Rick Santorum's decision to drop out of the race two weeks ago sucked virtually all of the drama out of Pennsylvania's primary. But as voters in the state head to the polls Tuesday to hand Mitt Romney an expected victory, the presumptive Republican nominee faces an equally suspenseful question: Can he win the state in November?
If polls are to be believed, Romney has the best shot of any Republican presidential candidate in recent years of carrying Pennsylvania in the general election.
A recent Quinnipiac University poll of likely voters in the state found President Barack Obama leading Romney by just 3 points, 45 percent to 42 percent (a result barely outside the poll's margin of error of plus or minus 2.8 percentage points).
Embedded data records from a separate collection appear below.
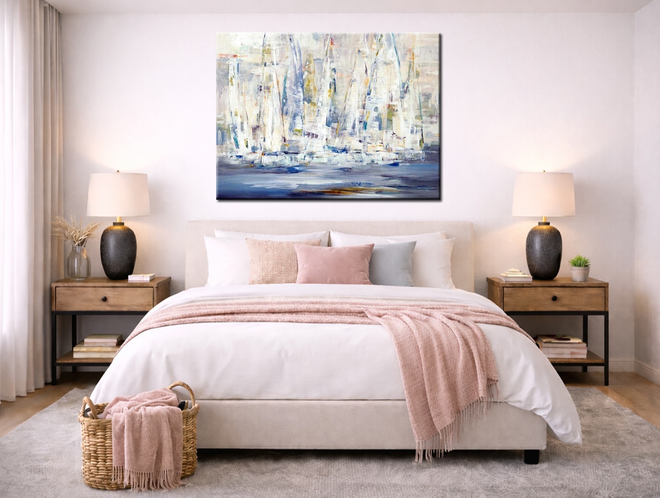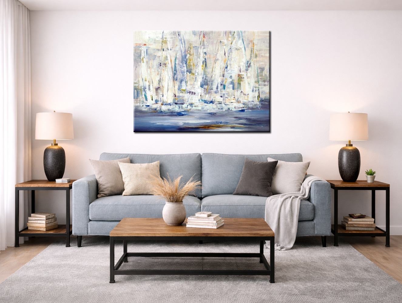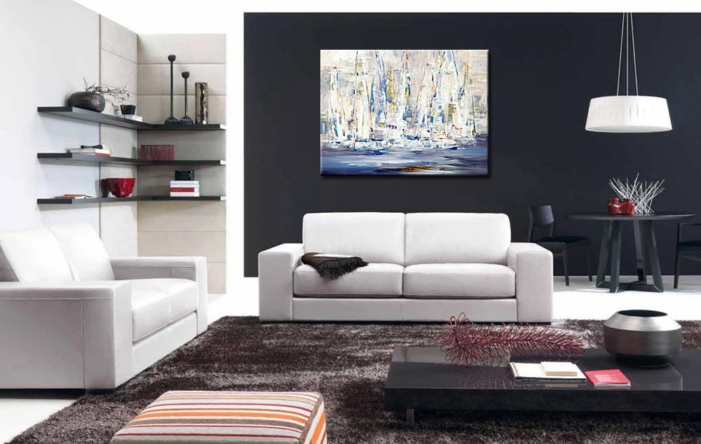 De abstracte benadering van het maritieme thema maakt het werk veelzijdig toepasbaar. De zeilen zijn herkenbaar zonder letterlijk te worden uitgewerkt, wat zorgt voor een tijdloze uitstraling. Het kleurgebruik sluit mooi aan bij interieurs waarin lichte materialen, ruimte en eenvoud belangrijk zijn.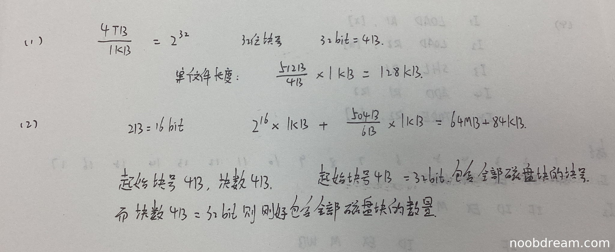 学生答案正确计算了块号所需字节数(4B)和最大文件长度(128KB),与标准答案一致。第一次识别中"4T13"和"1K13"等识别错误明显为误写(应为4TB和1KB),但核心逻辑正确,因此不扣分。得4分。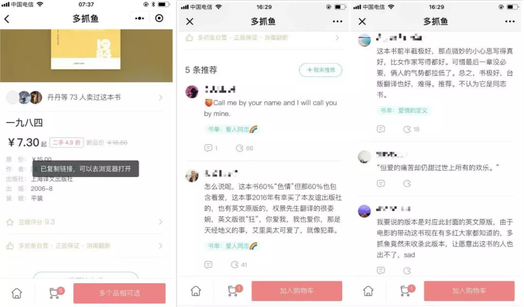 对于二手图书这种自带社交属性的内容电商,有社交才能增大用户粘性。只不过多抓鱼的社交做得很克制,是通过个人主页的改版和新版书单先社区化,再一步步渗透。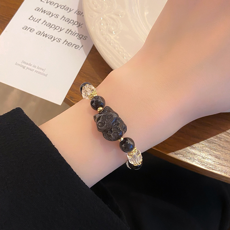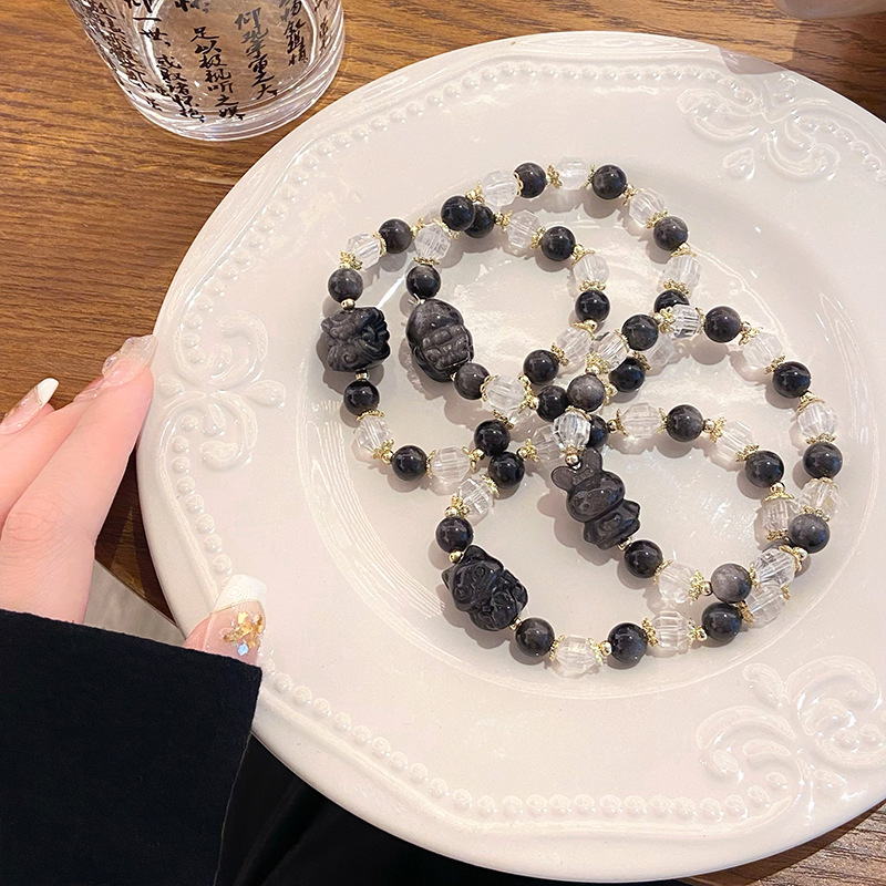 闪耀气质~超仙轻奢设计黑曜石貔貅手串甜美清新水晶混穿闺蜜手链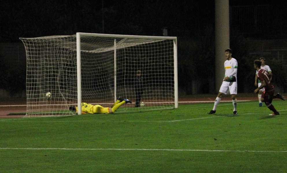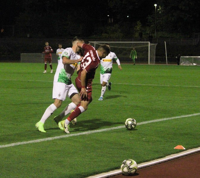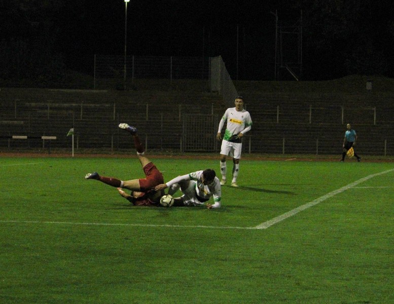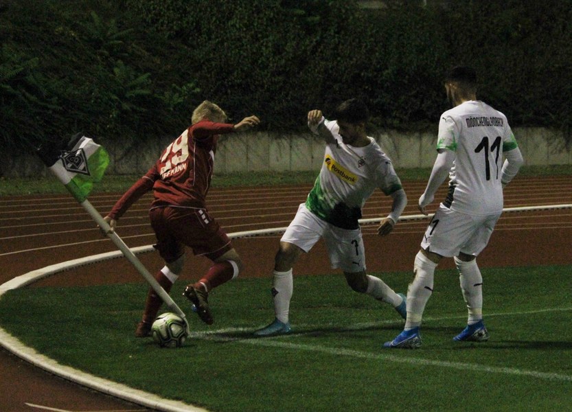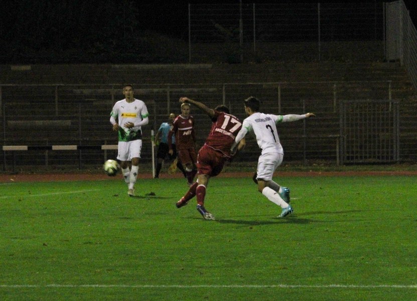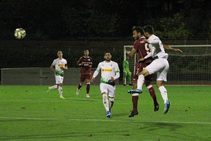 In den Anfangsminuten setzte die Borussia die ersten Akzente des Spiels. Nach Fehlpass von Försterling im Mittelfeld, zog Italiano Richtung Tor und suchte an der Strafraumkante den Abschluss. Kevin Rauhut lenkte den Ball sicher zur Ecke (3.). Nur eine Minute später hatte die Fortuna Glück, als ein abgefälschter Schuss knapp neben dem Kasten landete (4.). Bereits in den Anfangsminuten mussten die Kölner aufpassen, nicht in Rückstand zu geraten. Die Fortuna tauchte durch eine Ecke erstmals gefährlich vor dem Kasten von Max Grün auf. Den hereingeschlagenen Ball klärte Gladbach im ersten Versuch. Prokoph nutzte jedoch die zweite Welle, um den Ball vor das Tor zu köpfen, fand dort aber keinen Mitspieler (8.). Auf der anderen Seite versuchte es Cirillo mit einem Distanzschuss, der nur knapp am langen Pfosten vorbei ging (12.). Jubeln durfte zehn Minuten später dann aber die Fortuna. Nach starker Balleroberung im Mittelfeld machte sich Mike Owusu auf den Weg nach vorne und legte vor dem Kasten noch einmal quer auf Salman, der den Ball mit Hilfe eines Gladbacher Beins im Kasten versenkte (22.). Der Schrei nach dem Tor machte deutlich, wie wichtig dieser Treffer war. Es zeigte sich ein offenes Spiel, in dem die Fortuna mehr Kontrolle hatte, als noch zu Beginn der ersten Halbzeit. Gladbach versuchte es immer wieder aus der Distanz, fand seinen Meister aber oftmals in Kevin Rauhut, während Fortuna schnelle Konter nutzte, um für Akzente zu sorgen. So war es Alem Koljic, der über die rechte Offensivseite das Tempo anzog und an der Kante zum Strafraum flach vor das Tor spielte, wo Roman Prokoph im Hereinrutschen knapp verpasste (39.). So ging es mit der knappen Führung der Südstädter in die Pause.

According to Quinnipiac, 50 percent of likely voters in Pennsylvania disapprove of the job Obama is doing as president—a number higher than Obama's disapproval rating nationally. Asked if the president deserves a second term in office, half of those polled say no—another number that has been substantially higher than the national polling average.
"Romney has a real chance to win this state," G. Terry Madonna, head of Franklin & Marshall College's Center for Opinion Research, told Yahoo News. "All signs that we see indicate that this will be a pretty close election."
But as a swing state, Pennsylvania has long been a political tease to Republican presidential contenders—seeming to be in their grasp as late as the final days of the general election, only to slip away.
In 2000 and 2004, George W. Bush spent millions of dollars on TV ads and crisscrossed the state—only to lose to his opponents Al Gore and John Kerry by 5 points or less. In 2008, John McCain was virtually tied with Obama in Pennsylvania up until October and spent days holding last-minute town halls around the state. Yet Obama eventually won Pennsylvania by 10 points—one of his biggest margins of victory among the so-called swing states.
A Republican candidate hasn't won Pennsylvania since 1988, when George H.W. Bush carried the state.
But Obama faces a far different political climate in Pennsylvania than he did four years ago, when he was elected as the candidate who could bring change to Washington. He now faces a state that is filled with angst over the state of the economy.
"The economy is the driving issue in Pennsylvania and it's an issue where Obama is extremely vulnerable," Madonna said.